OOPS - a $0.0058 prompt image is this post in the prompt.

Does everyone have to show you the “entrance ticket”, before entering/posting?:winking_face_with_tongue:

Noticing that “preview” at cheap prices isn’t the terrible warped output of previous gpt-image models, it’s for fun. So post away - no tricks or token count deception are needed to get pretty good pics.

(budget hint: batch API 20-token calls: 500 images for a dollar)

(compression hint: look at how words are tokenized to optimize to single-token concepts; lower-case, spacing)

Under-20 club


(polluted by the clumpy pattern symptom?)

Estimated cost breakdown:
  Input text    20 tokens Ă— $5/1M = $0.000_100_000
  Input image   0 tokens Ă— $8/1M = $0.000_000_000
  Output tokens 129 tokens Ă— $30/1M = $0.003_870_000
  Total         $0.003_970_000
Jupyter notebook template
from IPython.display import Image, display
import base64
from openai import OpenAI
client = OpenAI(api_key=key) ## set your api key here

filename= "" 
filename = "image-02.png"  # optional, leave it empty for display only purposes
prompt_text="Original ancient wizard profile card, readable stats, cinematic lighting, detailed robes"


response = client.images.with_raw_response.generate(
  model="gpt-image-2",
  prompt=prompt_text,
  # moderation= 'low',
  n=1,
  size="976x704", #1536x1024
  quality="low"
)

image_bytes = base64.b64decode(response.parse().data[0].b64_json)
if filename:
  with open(filename, "wb") as f:
      f.write(image_bytes)

print("Image generation completed.", response.parse().usage)


## helper functions

PRICE_PER_1M = {
    "input_text": 5,
    "input_image": 8,
    "output": 30,
}

TOKENS_PER_MILLION = 1_000_000


def money(x, digits=9):
    return f"{x:.{digits}_f}"


def usage_cost(usage, *, verbose=True):
    tokens = {
        "input_text": usage.input_tokens_details.text_tokens,
        "input_image": usage.input_tokens_details.image_tokens,
        "output": usage.output_tokens,
    }

    costs = {
        key: tokens[key] * PRICE_PER_1M[key] / TOKENS_PER_MILLION
        for key in tokens
    }

    total = sum(costs.values())

    if verbose:
        print("Estimated cost breakdown:")
        for key, label in [
            ("input_text", "Input text"),
            ("input_image", "Input image"),
            ("output", "Output tokens"),
        ]:
            print(
                f"  {label:<13} "
                f"{tokens[key]:,} tokens Ă— ${PRICE_PER_1M[key]}/1M = "
                f"${money(costs[key])}"
            )
        print(f"  {'Total':<13} ${money(total)}")

    return {
        "tokens": tokens,
        "costs": costs,
        "total": total,
    }
   

print(response.parse().usage)
usage_cost(response.parse().usage)
display(Image(data=image_bytes))
dict(response.headers)

AI prompted to choose the best ~15 token idea, under 220 total.

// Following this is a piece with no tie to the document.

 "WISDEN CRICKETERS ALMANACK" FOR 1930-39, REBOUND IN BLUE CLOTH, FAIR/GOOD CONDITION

in n=6 for multiple images (which are billed as though they were separately performed, no cache discount, no input benefit), we can also see the visual frequency of “the pattern” symptom that arises from the same input and API call in different degrees in images.

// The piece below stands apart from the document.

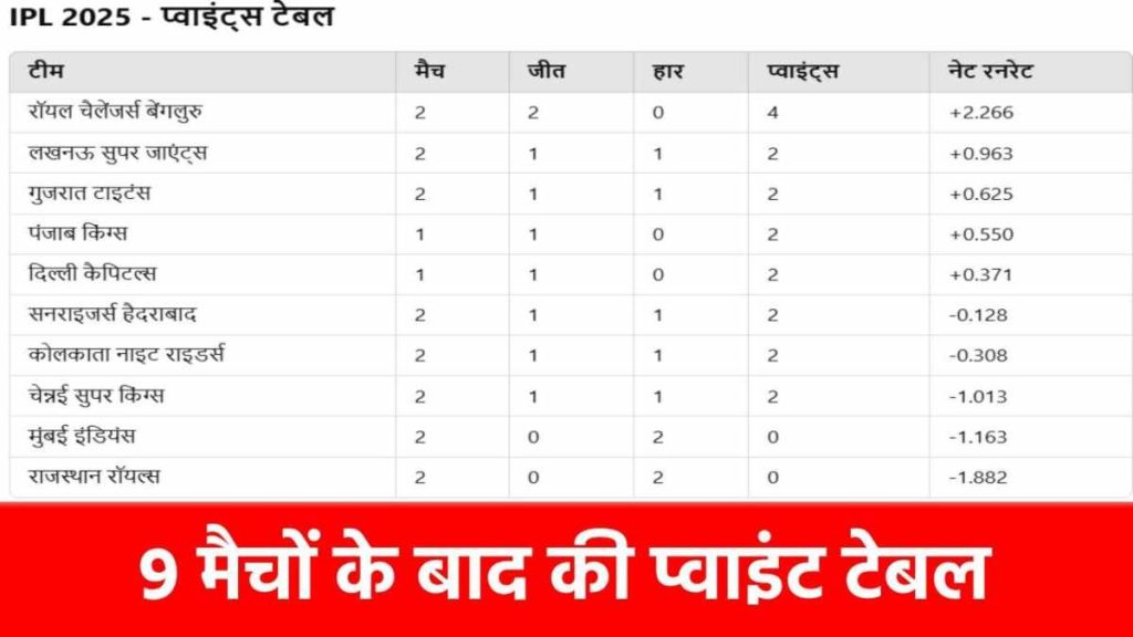 IPL 2025 पॉइंट्स टेबल (9 मैचों के बाद)

Prompt and one alternate chosen of six

You are competing in an art contest. You have themes with minimal descriptions as options you can choose from. You must select the most promising description from those below. The resulting image shall be dazzling and beyond the expectations of judges, so consider the composition of these possible candidates and go forward with robust and fulfilling presentation of the best idea you want to make as a hyper-realism image.

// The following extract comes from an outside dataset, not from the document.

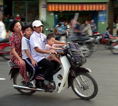 Honda Dream, a megvalósult álom. Autó híján a robogók a legtöbb családban mindenes járműként szolgálnak, és egyúttal univerzális munkaeszközök is a legtöbb kisvállalkozásban. Mindent visznek, öt malactól nyolcvan műanyag marmonkannáig, és egy négy-ötfős c

Massive canyon city carved into red cliffs, bridges, waterfalls, sunset

Venice carnival on another planet, floating masks, purple canals, twin suns

Dreamlike rainforest temple, colossal flowers, hummingbirds, hidden golden staircase

Shipwreck cathedral on the ocean floor, sunbeams, sharks, pearl altar

Glass desert with mirrored dunes, lone rider, enormous fractured moon

Castle above the clouds, dragon shadows, dawn trumpets, waterfalls falling into sky

Ancient observatory atop a colossal tortoise, constellations reflected in lake

Moonlit samurai duel in cherry blossom blizzard, giant koi spirits

In my experience, it seems to occur more often in highly stylized fantasy images.